Кормила его бульоном и посмеивалась над собой:
— Двадцать восемь мне, а замуж никто не берет. Вот отойдешь от своей болезни и расскажешь, какая у тебя жена была, за что ты ее так любил. Поучусь у нее.
Варя и те врачи, которые говорили о нервном потрясении, оказались правы. Вышел он из больницы на своих ногах. Слабым, инвалидом второй группы, но на своих двоих. Через полгода приступил к работе, пошел скотником на ферму. Тогда по утрам дергалась без перерыва рука, да и нога только к обеду входила в норму, а до обеда была слабая и хромала.
Он заждался в проходной завода, пока женский голос не позвал его:
— Караваев! Кто здесь Караваев?
Вскочил, затоптался на месте, не зная, куда идти, с какой стороны его зовут. Дверь пропускного бюро открылась, и женщина в белой прозрачной блузке, догадавшись, что это он Караваев, сердитым голосом сказала:
— Глухой, что ли? Идите получайте пропуск.

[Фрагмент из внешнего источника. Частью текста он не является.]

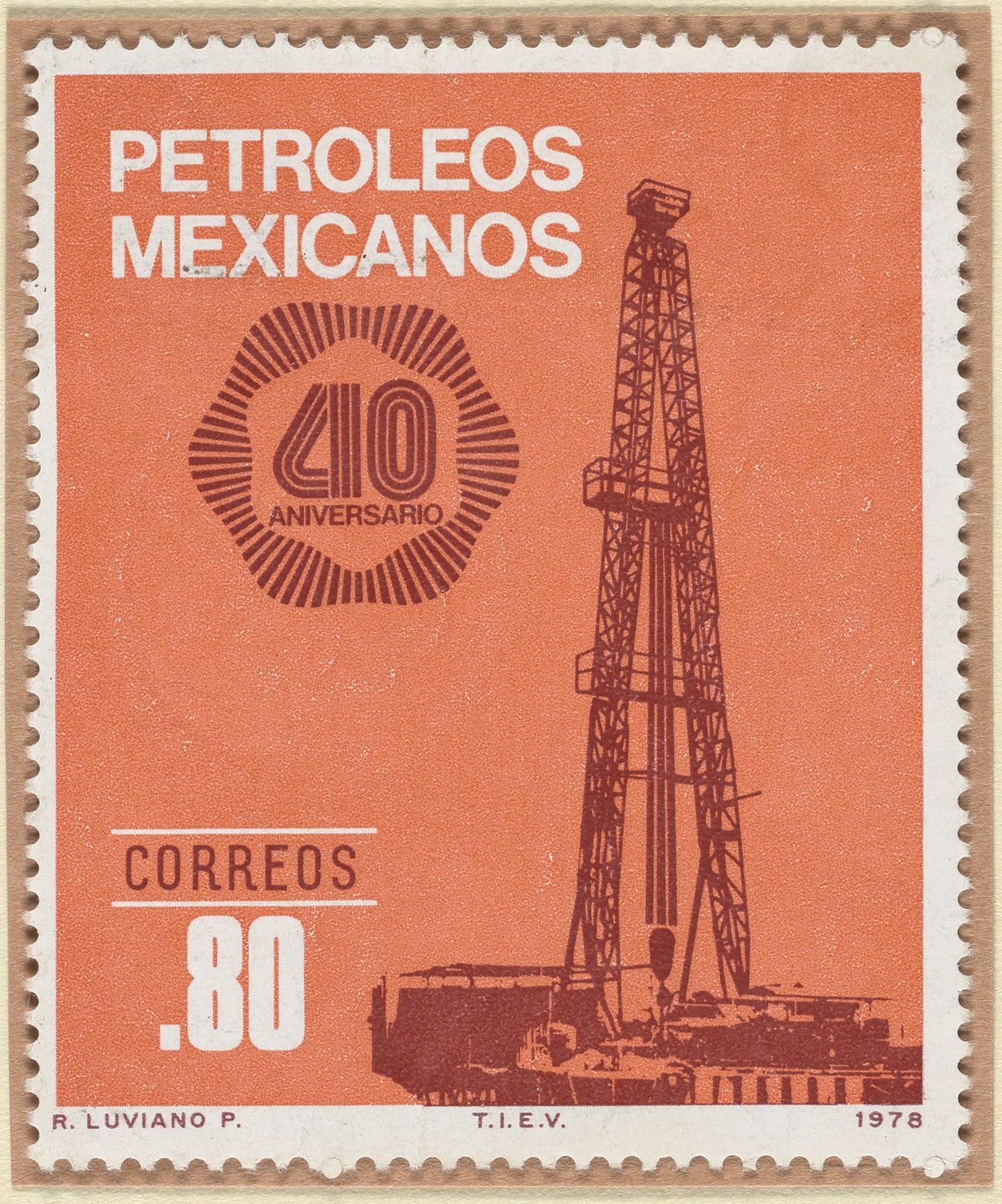 Mexico. Dirección General de Talleres de Impresión de Estampillas y Valores. “Mexican Postage Stamp Commemorating Petróleos Mexicanos (40th Anniversary),” 1978. Witco Stamp Collection, Box 7. Science History Institute. Philadelphia. https://digital.sciencehistory.org/works/jn7da1k.

От ее сурового вида он и вовсе растерялся, пошел в ту дверь, из которой она выходила, и снова нарвался на окрик: «Не сюда, к окошку подходите». Еле сообразил, что «окошко» — это стеклянный барьерчик, как на почте. Подошел, увидел все ту же, в прозрачной блузке, женщину и сжался в тоскливом предчувствии, что она еще покуражится над ним, прежде чем выдаст пропуск.
— Паспорт.
Он протянул паспорт не сразу, рука стала дергаться, бумажник шлепнулся к ногам. Женщина поднялась со своего стула, когда он нагнулся за бумажником.
— Что там с вами опять? Куда вы исчезли?
Он выпрямился, вновь объявился перед ней, левой рукой достал из бумажника паспорт, просунул в узкую щель между стеклом и полированным прилавком.
— По какому делу направляетесь в сборочный цех?
Он не знал другого ответа и ответил, как оно есть:
— По личному.
— Какими стали умными. — Женщина обернулась к столу, за которым сидела молоденькая девчонка и, не поднимая головы, что-то писала. Видно, эта, в прозрачной кофте, всем уже тут в душе навязла, потому что молоденькая сделала вид, что не слышит ее. — На завод, где всякого и так возьмут, и то норовят с черного хода. — Женщина не унималась, полистала паспорт, посмотрела на Степана Степановича: дескать, вижу тебя насквозь, сивый мерин, и ты из колхоза тягу даешь. Потом стала выписывать пропуск.